**THE PROBLEM:** For the records below, copy exactly the span that begins at the line containing "弘标认证检测有限公司是一家综" and stops after the line containing "Obstal Spandex Table", minus any pictures.

**EXCERPTED RECORDS:**
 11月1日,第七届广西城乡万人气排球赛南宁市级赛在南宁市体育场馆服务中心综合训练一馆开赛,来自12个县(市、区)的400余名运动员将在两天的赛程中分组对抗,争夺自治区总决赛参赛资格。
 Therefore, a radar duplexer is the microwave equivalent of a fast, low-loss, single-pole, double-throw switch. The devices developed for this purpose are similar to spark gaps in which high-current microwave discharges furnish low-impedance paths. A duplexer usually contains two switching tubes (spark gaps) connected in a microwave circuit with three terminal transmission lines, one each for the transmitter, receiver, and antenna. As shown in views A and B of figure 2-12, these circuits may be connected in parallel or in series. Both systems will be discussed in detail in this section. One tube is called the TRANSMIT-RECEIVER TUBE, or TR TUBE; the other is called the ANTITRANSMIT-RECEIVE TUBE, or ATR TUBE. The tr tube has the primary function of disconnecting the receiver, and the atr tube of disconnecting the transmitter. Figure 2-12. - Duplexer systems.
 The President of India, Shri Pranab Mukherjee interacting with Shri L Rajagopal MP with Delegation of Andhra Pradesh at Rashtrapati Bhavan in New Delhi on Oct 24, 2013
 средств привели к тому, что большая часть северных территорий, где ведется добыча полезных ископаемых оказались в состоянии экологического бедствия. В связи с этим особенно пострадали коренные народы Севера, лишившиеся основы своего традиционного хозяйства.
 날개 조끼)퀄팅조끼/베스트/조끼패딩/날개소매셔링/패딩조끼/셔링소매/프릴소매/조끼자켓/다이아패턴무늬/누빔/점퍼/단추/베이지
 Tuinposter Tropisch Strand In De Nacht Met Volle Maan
---
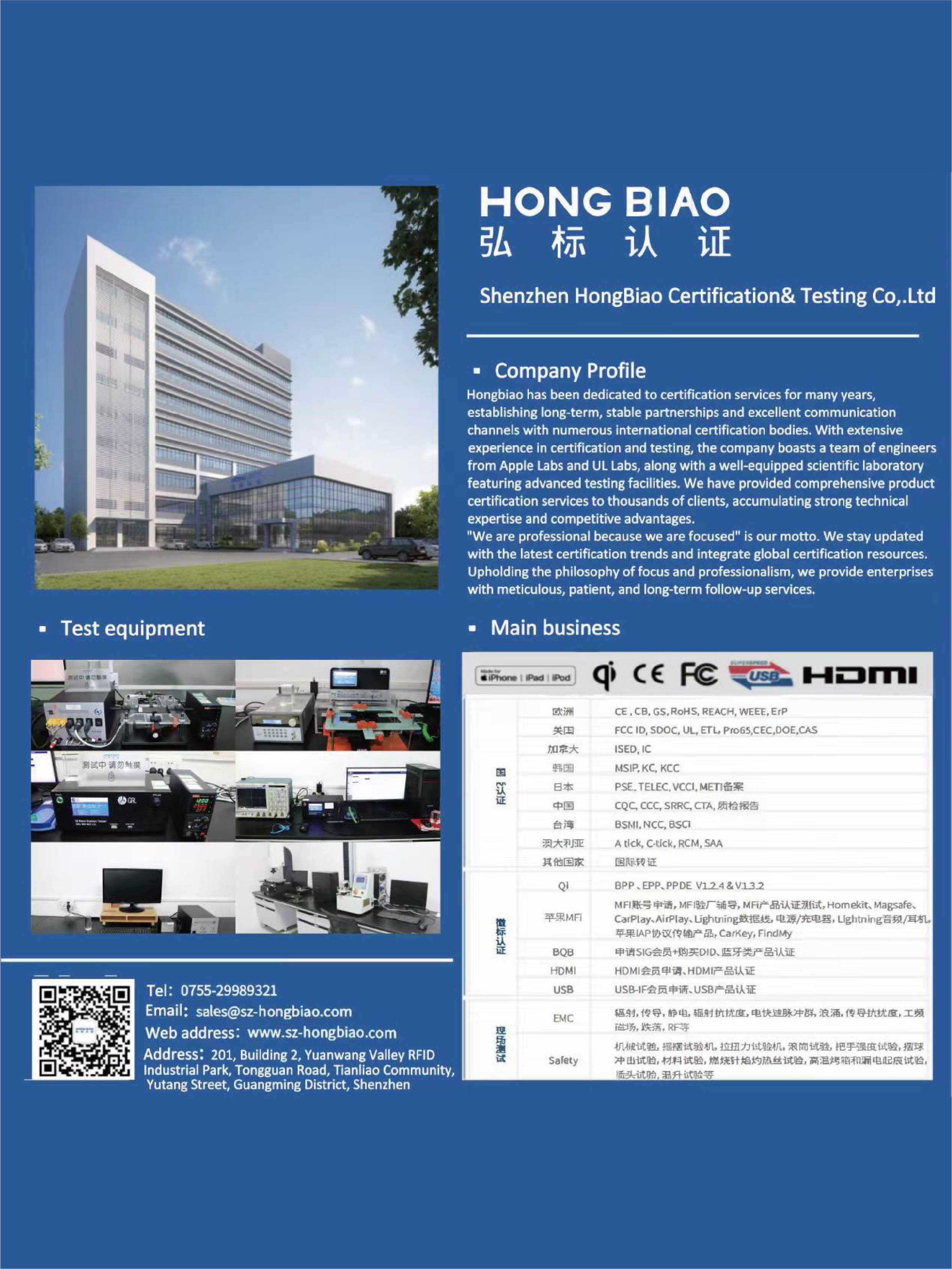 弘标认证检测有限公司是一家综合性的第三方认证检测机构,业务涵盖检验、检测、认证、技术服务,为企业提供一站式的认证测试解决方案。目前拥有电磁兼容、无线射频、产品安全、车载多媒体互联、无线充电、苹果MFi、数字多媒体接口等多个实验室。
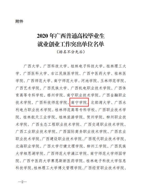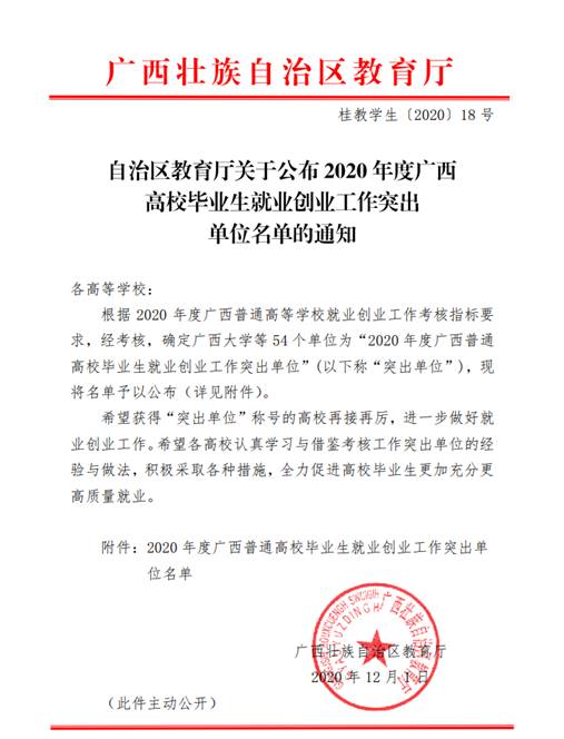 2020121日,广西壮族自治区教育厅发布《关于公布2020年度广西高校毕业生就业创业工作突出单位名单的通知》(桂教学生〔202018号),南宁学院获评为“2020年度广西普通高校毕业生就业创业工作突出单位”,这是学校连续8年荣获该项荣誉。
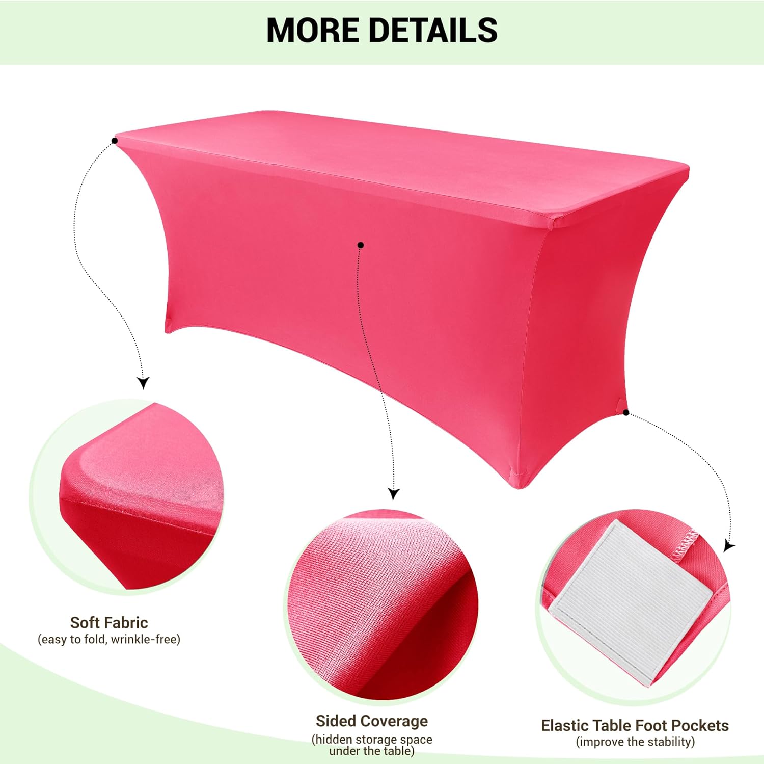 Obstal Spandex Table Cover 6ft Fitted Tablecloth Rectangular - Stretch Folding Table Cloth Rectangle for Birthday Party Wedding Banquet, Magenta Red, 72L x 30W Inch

**FINAL ANSWER:**
 弘标认证检测有限公司是一家综合性的第三方认证检测机构,业务涵盖检验、检测、认证、技术服务,为企业提供一站式的认证测试解决方案。目前拥有电磁兼容、无线射频、产品安全、车载多媒体互联、无线充电、苹果MFi、数字多媒体接口等多个实验室。
 2020121日,广西壮族自治区教育厅发布《关于公布2020年度广西高校毕业生就业创业工作突出单位名单的通知》(桂教学生〔202018号),南宁学院获评为“2020年度广西普通高校毕业生就业创业工作突出单位”,这是学校连续8年荣获该项荣誉。
 Obstal Spandex Table Cover 6ft Fitted Tablecloth Rectangular - Stretch Folding Table Cloth Rectangle for Birthday Party Wedding Banquet, Magenta Red, 72L x 30W Inch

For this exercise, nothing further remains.